■ YOUR GOAL ■
Below is a listing; write it out exactly and drop any images from it.

■ DATA ■
[Start of section]
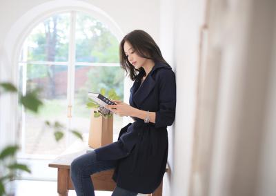 更新 《孙允珠2015.ShesComing - 2015.10▼SonYounJu▲ 2015.10.03 ┇ShesComing┇『藏青色知性OL翻领束腰风衣』》
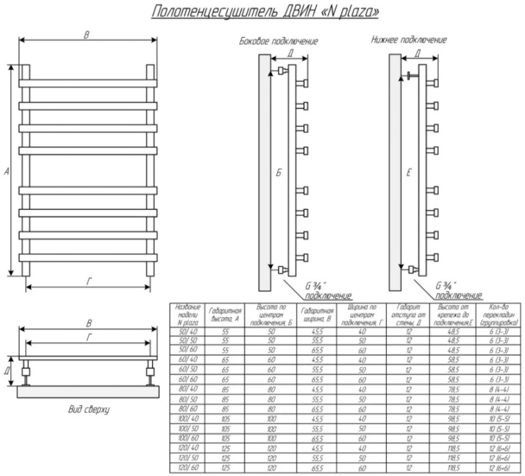 Главная отличительная черта изделий - полный комплект фурнитуры: в комплекте квадратные уголки, квадратные крепежи и квадратные отражатели. Лесенки серии Plaza так же как и другие полотенцесушители ДВИН имеют универсальное подключение - нижнее, боковое, диагональное.
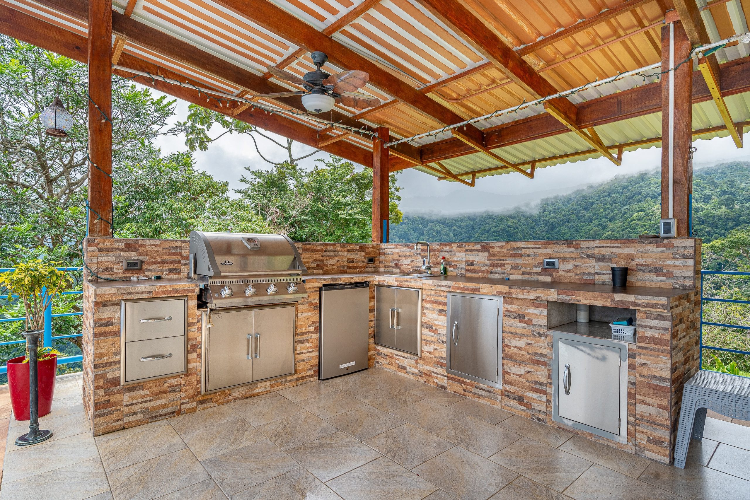 Outdoor kitchen: Ideal for memorable gatherings. Whether grilling fresh seafood or preparing tropical dishes, this space invites you to enjoy al fresco dining.
[End of section]
■ RESULT ■
 更新 《孙允珠2015.ShesComing - 2015.10▼SonYounJu▲ 2015.10.03 ┇ShesComing┇『藏青色知性OL翻领束腰风衣』》
 Главная отличительная черта изделий - полный комплект фурнитуры: в комплекте квадратные уголки, квадратные крепежи и квадратные отражатели. Лесенки серии Plaza так же как и другие полотенцесушители ДВИН имеют универсальное подключение - нижнее, боковое, диагональное.
 Outdoor kitchen: Ideal for memorable gatherings. Whether grilling fresh seafood or preparing tropical dishes, this space invites you to enjoy al fresco dining.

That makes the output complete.